Royal Flush (The Jake Samson & Rosie Vicente Detective Series Book 6) Read online




  Praise for ROYAL FLUSH, the SIXTH novel in the Jake Samson mystery series:

  “Great bar scenes, a wonderfully wry narrative, and the obvious nonsexual affection between Jake and Rosie will have readers clamoring for more.”

  —Library Journal

  “Ms. Singer is one of only three or four authors that I wouldn’t miss whatever she wrote.”

  —Over My Dead Body

  ROYAL FLUSH

  A Jake Samson Mystery

  BY

  SHELLEY SINGER

  booksBnimble Publishing

  New Orleans, La.

  Royal Flush

  Copyright © 1999 by Shelley Singer

  All rights are reserved. No part of this book may be used or reproduced in any manner whatsoever without written permission, except in the case of brief quotations embodied in critical articles and reviews.

  Cover by Andy Brown

  eBook ISBN: 9780990454311

  Originally published by Perseverance Press

  www.booksbnimble.com

  First booksBnimble electronic publication: June, 2014

  Digital Editions (epub and mobi formats) produced by

  eBooks By Barb for booknook.biz

  Contents

  Start Reading

  Full Table of Contents

  – 1 –

  The boy was about nineteen. He had a black eye, a shaved head, brown boots with yellow stitching and red laces, a bomber jacket, muscles, and an attitude.
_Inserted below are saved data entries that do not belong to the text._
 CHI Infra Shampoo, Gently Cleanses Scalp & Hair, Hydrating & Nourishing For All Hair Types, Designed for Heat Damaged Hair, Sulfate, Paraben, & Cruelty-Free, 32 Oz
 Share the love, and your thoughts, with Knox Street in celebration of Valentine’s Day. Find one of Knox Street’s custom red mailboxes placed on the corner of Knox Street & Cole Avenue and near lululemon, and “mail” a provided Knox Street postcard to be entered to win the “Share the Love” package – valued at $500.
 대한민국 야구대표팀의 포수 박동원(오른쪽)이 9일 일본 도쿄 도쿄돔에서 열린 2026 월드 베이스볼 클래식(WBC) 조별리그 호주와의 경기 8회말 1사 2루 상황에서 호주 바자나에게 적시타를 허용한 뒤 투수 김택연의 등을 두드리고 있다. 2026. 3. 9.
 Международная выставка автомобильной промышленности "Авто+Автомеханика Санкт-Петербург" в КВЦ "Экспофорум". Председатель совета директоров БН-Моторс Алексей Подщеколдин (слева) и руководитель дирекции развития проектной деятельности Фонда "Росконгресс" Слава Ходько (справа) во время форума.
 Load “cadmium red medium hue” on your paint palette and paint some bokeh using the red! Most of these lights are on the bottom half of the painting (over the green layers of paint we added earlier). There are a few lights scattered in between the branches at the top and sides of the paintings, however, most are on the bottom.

  When he’d showed up at my door with Deeanne, my first impulse was to spin him around and shove him back down the stairs. But heaven help us, he was Deeanne’s boyfriend, so there he was, sitting on my couch and glaring at me, while she begged me to help him.

  “See, Jake, I didn’t want to tell Artie I was coming to see you because he doesn’t, you know, have a lot of sympathy for, like, mistakes.” She shrugged her bony adolescent shoulders helplessly.
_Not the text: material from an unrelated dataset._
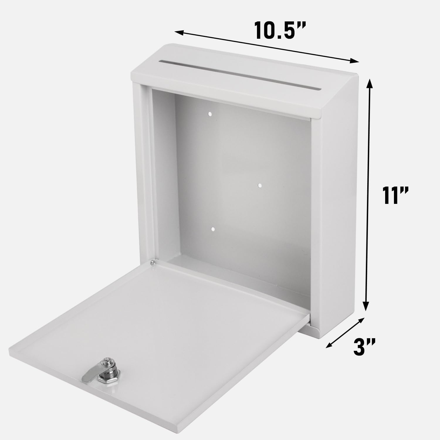 Suggestion Box with Lock and Slot, Wall Mounted Metal Drop Box with 4 Keys, Secure Locking Box for Cash and Ballots, Office MailBox, 10.4 x 2.9 x 11 Inch, White
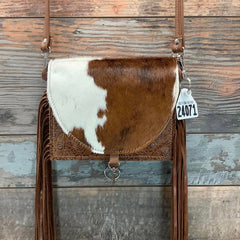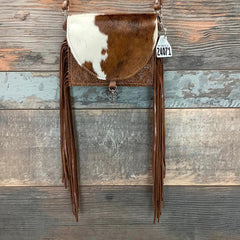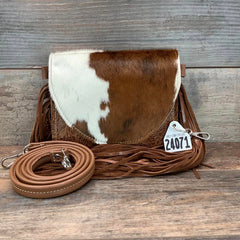 This handy crossbody is compact and functional for everyday use with style! One of our most popular small bags, we have reinvented it to be sturdy and compact so that you can have your things secure! It is designed with three pouches on the interior, the center pouch has a zipper closure to keep things secure, the back of this bag has an open sleeve pocket, perfect for your phone or our Card Holders! The leather flab has a clasp that will keep your things safe even if you stuff it full!  The crossbody strap is 1" wide made with matching leather.  We use premium quality leather and hair on hide on all our bags.

  She was talking about my oldest friend, Artie Perrine. Her godfather. Her keeper for the past half year while her parents were off somewhere on the other side of the world doing God knows what. Artie had told me she’d begged to stay with him and finish high school where she was. Being Artie, he’d agreed. But the more I heard about Deeanne, the more I thought her folks had planned the whole thing just to get away from her.

  And now she wanted me to keep secrets from him. I needed a minute to think, and the September heat gave me an excuse to get up and move around. I opened a window, then I opened the front door. When I turned back, the boy had taken off his jacket. He was wearing black suspenders, and the short sleeve of his black T-shirt didn’t cover the swastika tattoo.

  I stared at it, disgust rising in my throat like a fast-food meal. “Mistakes? What kind of mistakes are we talking about, here?”

  The kid jabbed a finger toward the ugly black symbol on his arm. “This kind.”

  I tore my eyes away. I had an almost irresistible urge to spit on the floor three times like my mother used to do. An old Yiddish spell against the evil eye.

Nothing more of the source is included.